Gizli bölmenin için tahmin ettiğim gibi boş değildi.

Helena'yı tanıdığım kadarıyla gizli bölmede William ile ilgili eşyalar saklıyor olmalıydı.

Keten beze sarılı bir şeyler vardı. Bezin üzerine lavanta çiçekleri işlenmişti. İpin renginin solgun olmasına bakılırsa uzun zaman önce işlenmiş gibi duruyordu. Belki de annesinden kalmaydı. Bezle ilgili herhangi bir anıya ulaşamamak kaşlarımın çatılmasına neden oldu.

Zihnimde bu gizli bölmeye dair bir anı yoktu. Bu nasıl olabilirdi? Tabi bunları koyan Helena değilse o zaman mantıklı bir açıklaması olabilirdi.

Bir gizemin karşısında olduğum zamanlardaki gibi kalbim hızla atmaya başladı. Bazen hatırlamadığımız anıların olması gibi Helena'da buraya koyduklarını unutmuş olabilir miydi?

Bezin içindekileri açmadan bunu öğrenmeyecektim.

Uzanıp bezi aldıktan sonra hafifliğinden içindekilerin kağıt olduğunu anladım. Diz çöktüğüm yerden kalkıp yatağa doğru ilerledim. Elimdekiler sanki her an parçalanıp toz olabilecekmiş gibi özenli davranıyordum.

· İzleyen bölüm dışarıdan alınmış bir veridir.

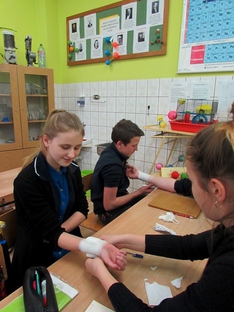 Lekcja biologii to dobra okazja, aby pomyśleć o naszym sercu i zdrowiu. Klasa 2 b gimnazjum właśnie się o tym przekonała wraz z nauczycielem biologii panią Karoliną Botwiną. Sala lekcyjna zamieniła się w prawdziwy punkt medyczny. Uczniowie mierzyli sobie nawzajem ciśnienie, plus na tętnicy szyjnej co okazało się nie taką prostą sprawą. Czasami wyglądało to dość ciekawie, a nawet zabawnie. Uczniowie poznali budowę serca, na modelu mogli samodzielnie ułożyć wszystkie narządy wewnętrzne a także nauczyli się tamować krwotoki udzielając pierwszej pomocy przedmedycznej. Taka forma lekcji i pracy pozwoliła każdemu przekonać się jak ważna jest znajomości ludzkiego organizmu i jego prawidłowego funkcjonowania. Umiejętności, które uczniowie nabyli z pewnością będą cenne i zapamiętane na bardzo długo.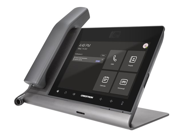 The Crestron Flex UC-P8-T-C-HS-I desk phone provides a premium video collaboration solution for use with the Microsoft Teams intelligent communications platform. It offers Full HD quality video and audio calling, capability to view and zoom the shared content, and full-duplex hands-free speakerphone capability in an elegant desktop design. It features a large 8 in. color touch screen display, built-in Full HD camera with privacy shutter, and hearing aid compatible handset. Each phone can be synced with a Microsoft Teams account with contacts, schedules, voicemails, and other preference settings appearing on the phone's touch screen.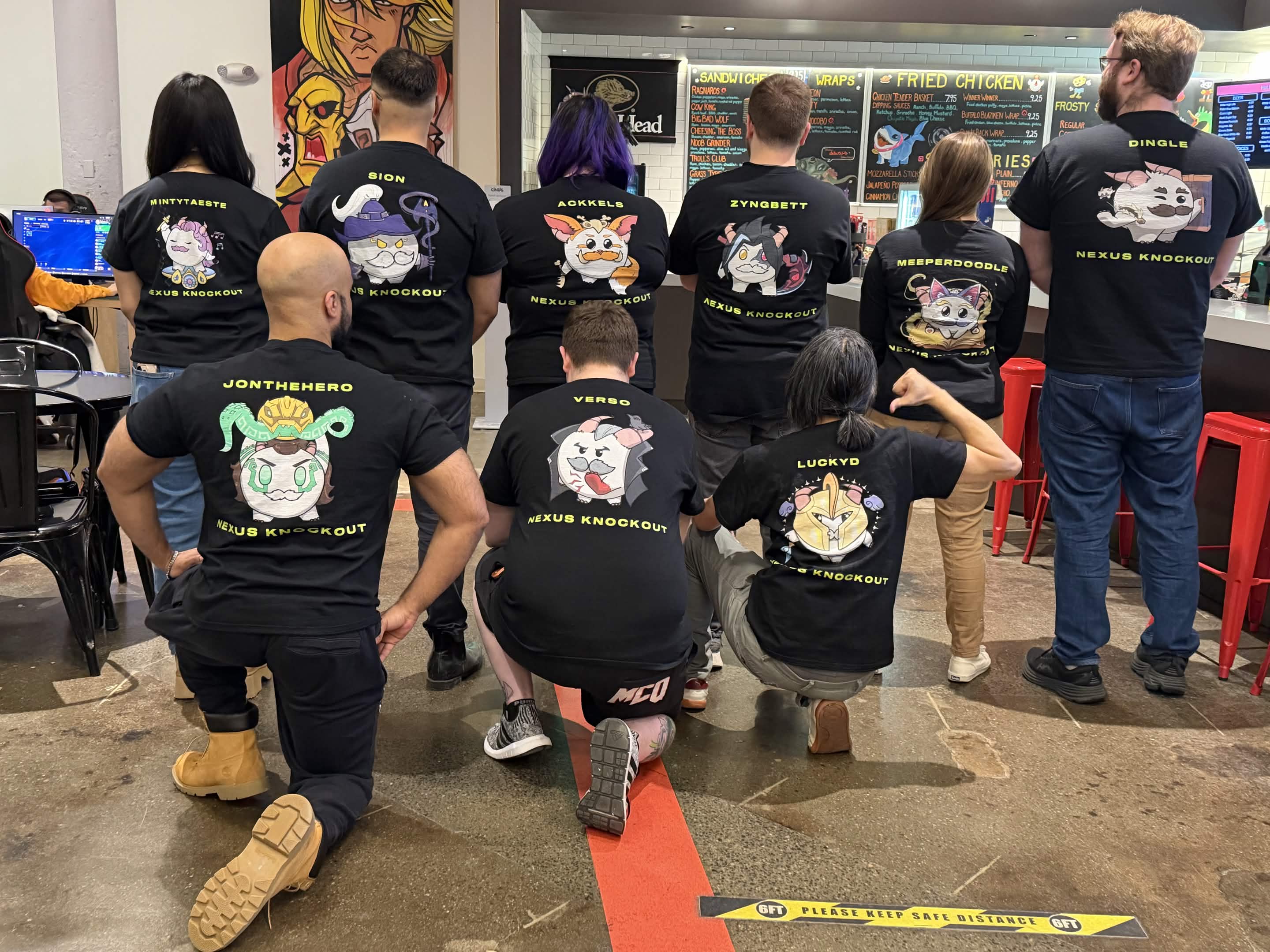 We had to include this bonus photo. Meeperdoodle, one of NXKO’s organizers, designed custom shirts for the whole NXKO crew, with poro-fied versions of their favorite League of Legends/2XKO champs.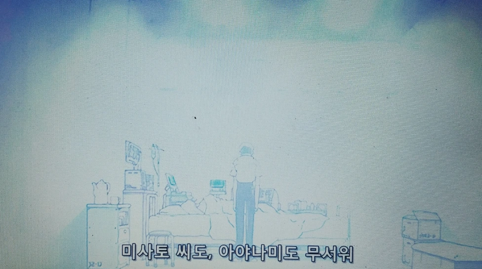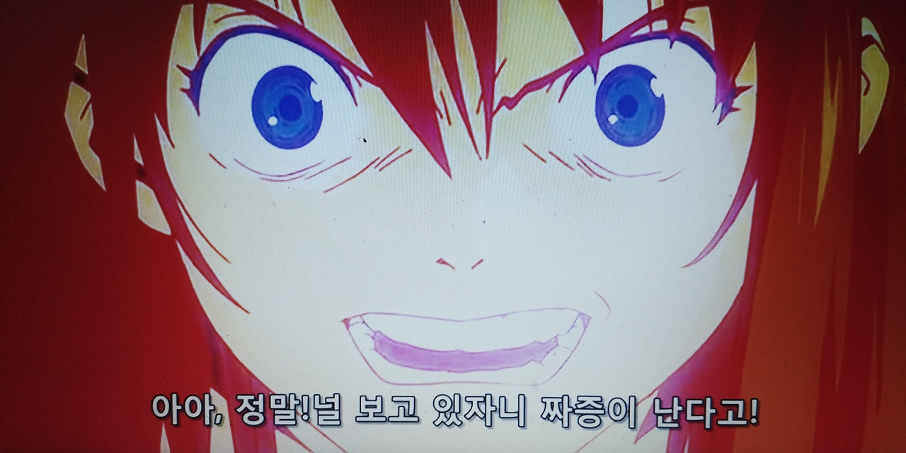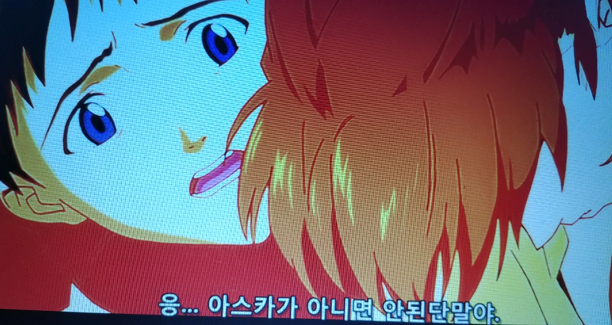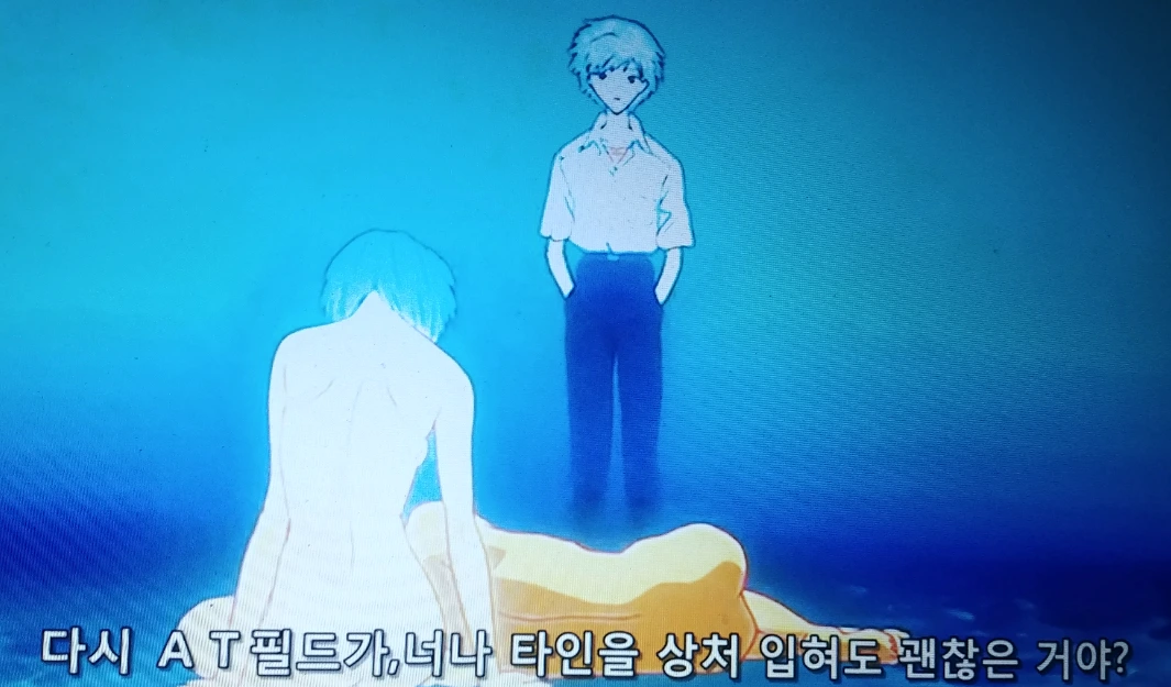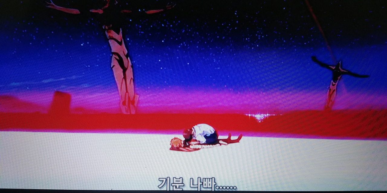 하지만 지난번 글에서 말했듯이 카오루와 미사토가 자기희생을 하며 베풀어준 사랑 덕분에 신지는 아주 약간 정신을 차리고 초호기에 겨우 탑승하게 된다. 하지만 아스카와 2호기는 바보 신지는 왜 오질 않느냐며 혼자 싸우다가 제레에서 보낸 양산형 에바 시리즈에 이미 잔혹하게, 너무나 잔혹하게 당했고 서드 임팩트가 시작되자 모두의 영혼이 육체에서 해방되어 어머니 리리스 앞에서 하나가 된다. 그리고 더 이상 타인이라는 공포와 외로움이라는 불안이 없는 세계가 완성될려는 찰나, 단 한명이 그런 결정을 내리려는 신지에게 반기를 든다.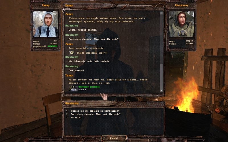 W Barze mówimy z Barmanem - kupujemy fleszkę - będzie potrzebna. Następnie mówimy z Pietrenką - mamy się spotkać z jego kontaktem, w Dolinie Mroku. Można też zrobić zadanie na karabin dla Łowcy - leży teraz na wersalce ;D. W DM mówimy z kontaktem - mamy zdobyć kurtkę bandyty i znaleźć naiwniaka od którego poznamy hasło do bazy Monolitu. Kurtka jest w podziemiach przy jednym z ciał - aby zadanie się zaliczyło nakładamy ja. Koło bazy bandytów znajdujemy nawalonego jak stodoła bandytę - od niego wyciągamy informację. Ruszamy dalej.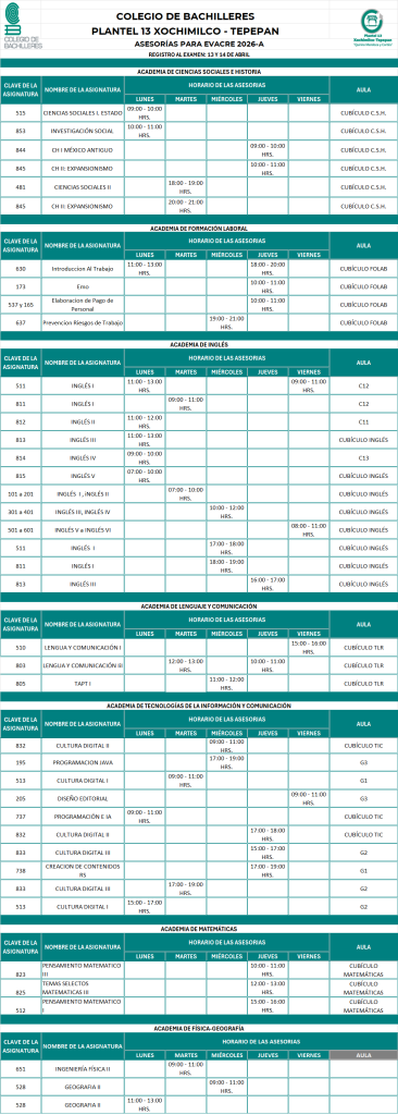 - Únicamente puedes registrarte a asesorías que se imparten en contraturno (para que no se vea afectado tu horario de clases).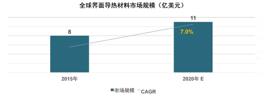 消费电子走向小型化、轻薄化、智能化,5G 商用带来的通信基站设备投入,以及动力电池的蓬勃发展有望大幅拉动导热材料需求。据统计,2015年全球界面导热材料市场规模为8亿美元,2020年有望达到11亿美元,CAGR为7%。

Keten bezi yavaşça açarken lavanta kokuları odanın içine yayıldı. Bezi tamamen açtığımda üstte duran kalın kağıda yapılmış resim gördüm. Neredeyse on üç yaşından büyük göstermeyen bir kızın resmiydi. Yeşil gözleri, altın rengi saçları iyi resmedilmişti. Yüzündeki gülümseme mutlu olduğu o anı ölümsüzleştirmişti. Helena'ya benzemiyordu. Gözlerimi kapattık zihnimi zorladığımda bir kahkaha sesi duyuyor ve lavanta tarlasını hatırlıyordum ama kız zihnimde net görünmüyordu.

Resmin altında Sevgili Catty yazıyordu. Başka bir bilgi yoktu.

İçimde hissettiğim arkadaşça sıcaklığa bakılırsa Catty Helena'nın arkadaşı olmalıydı.

Diğer kağıtlarda kızın bahçede ve Eden Park'taki salonda çizilmiş resimleri vardı. Sadece dört resim, mor bir kurdele, dantelle çevrilmiş bir peçete. Sonunda da bir mektup vardı. Katlarındaki ize bakılırsa birçok kez okunmuş görünüyordu.

Sevgili Helena,

İyi olduğunu umarak bu mektubu yazıyorum, hasta yatağımda yatarken senin yaşadıklarını duymak kalbimin daha çok ağrımasına neden oluyor. Biliyorum bana hala kızgınsın ve mektuplarımın hepsini bana geri göndermenden benimle bir daha konuşmak istemediğini anlıyorum ama senin böyle acı çekerken yalnız olduğunu bilmek kalbimi kırıyor.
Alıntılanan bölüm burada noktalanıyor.